Hengshui () is a prefecture-level city in southern Hebei province, People's Republic of China, bordering Shandong to the southeast. At the 2010 census its population was 4,340,373 inhabitants whom 522,147 lived in the built-up (or metro) area made of Taocheng urban district. It is on the Beijing–Kowloon railway.

Administrative divisions

Education
Hengshui High School and Hengshui University are located in Hengshui.

Sights

The Harrison International Peace Hospital is located in Hengshui.  This comprehensive teaching and research hospital was named after Dr. Tillson Harrison, a martyr to the Chinese revolution.  Dr. Harrison, a Canadian, died in 1947 while transporting medical equipment and supplies.  Some of this equipment is on display in an exhibition room in the hospital.
The hospital uses both traditional Chinese medicine and modern western diagnostic and therapeutic technology.

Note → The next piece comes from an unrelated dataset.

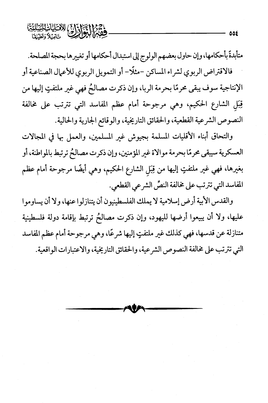 والقدس الأبية أرض إسلامية لا يملك الفلسطينيون أن يتنازلوا عنها، ولا أن يساوموا عليها، ولا أن يبيعوا أرضها لليهود، وإن ذكرت مصالحُ ترتبط بإقامة دولة فلسطينية متنازلة عن قدسها، فهي كذلك غير ملتفتٍ إليها شرعًا، وهي مرجوحة أمام عظم المفاسد التي تترتب على مخالفة النصوص الشرعية، والحقائق التاريخية، والاعتبارات الواقعية.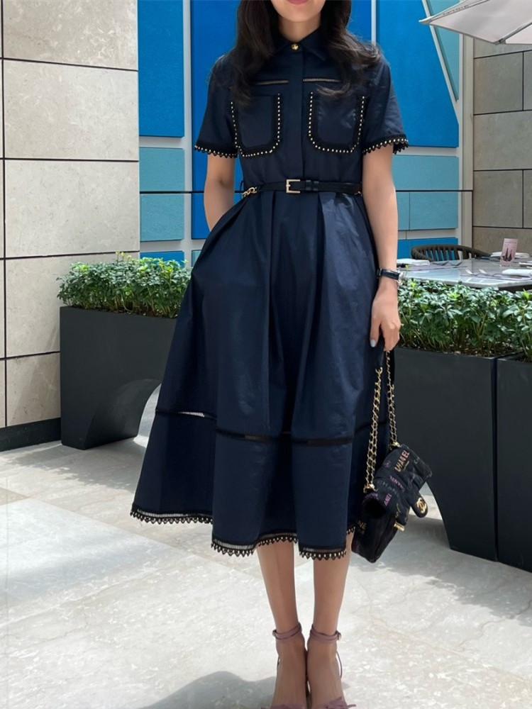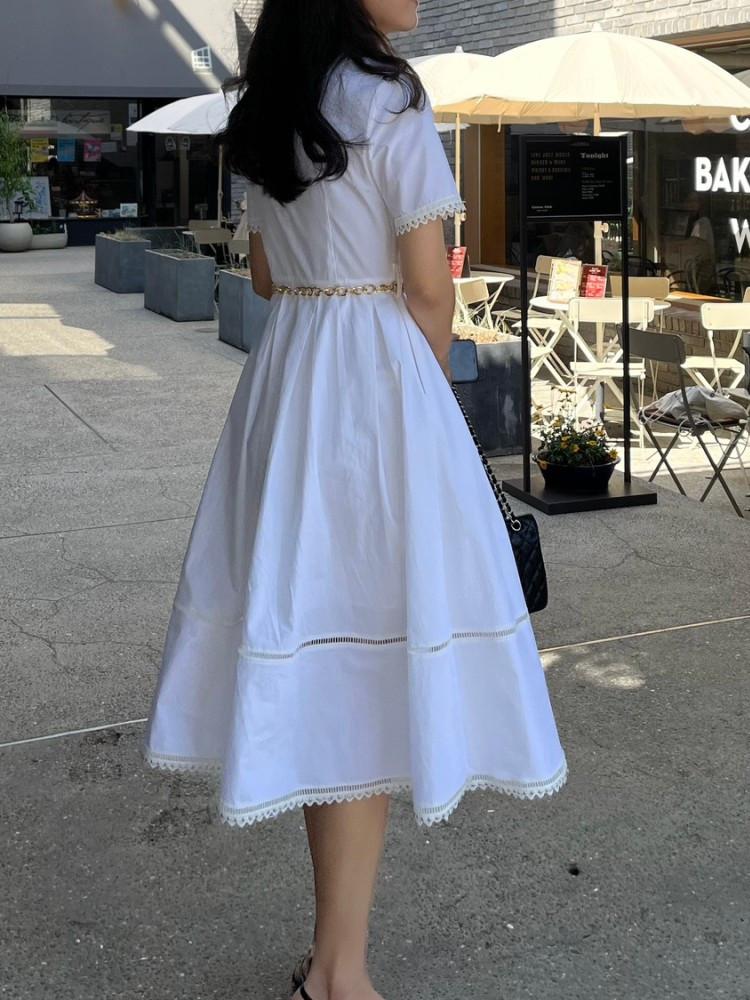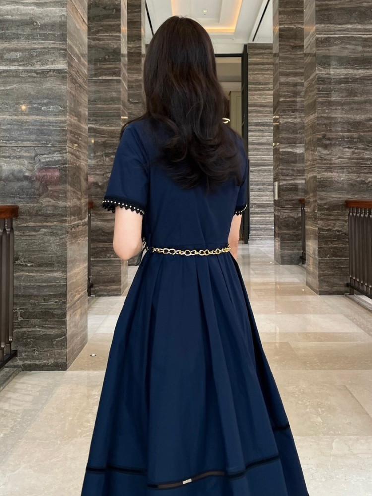 فستان كلاسيك صيفي على الطراز الكوري انيق خصر عالي...متوفر بلونين كحلي وابيض....حجم واحد مناسب لحجم سمول وميديم فقط

The city is renowned as the centre for inside painting, mainly of small snuff bottles. Zhang Rucai was born in Hebei Province and since 1972, he started to learn the art of inside painting. In April 1996, he was conferred the title Master of Chinese Folk Arts & Crafts by UNESCO. The city has a fascinating museum and exhibition of the art of the inside painter - many complex paintings done on the inside of small snuff bottles as well as special larger pieces of glassware.

There is a Buddhist Temple on the outskirts of the city which is well worth a visit, as is the bridge in the old part of the city - one of the few remnants of the old town.

Geography and Climate

Air pollution
According to a survey made by "Global voices China" in February 2013, 7 cities in Hebei including Xingtai, Shijiazhuang, Baoding, Handan, Langfang, Hengshui and Tangshan, are among China's 10 most polluted cities.

Religion
Hengshui is the seat of the Catholic Diocese of Hengshui.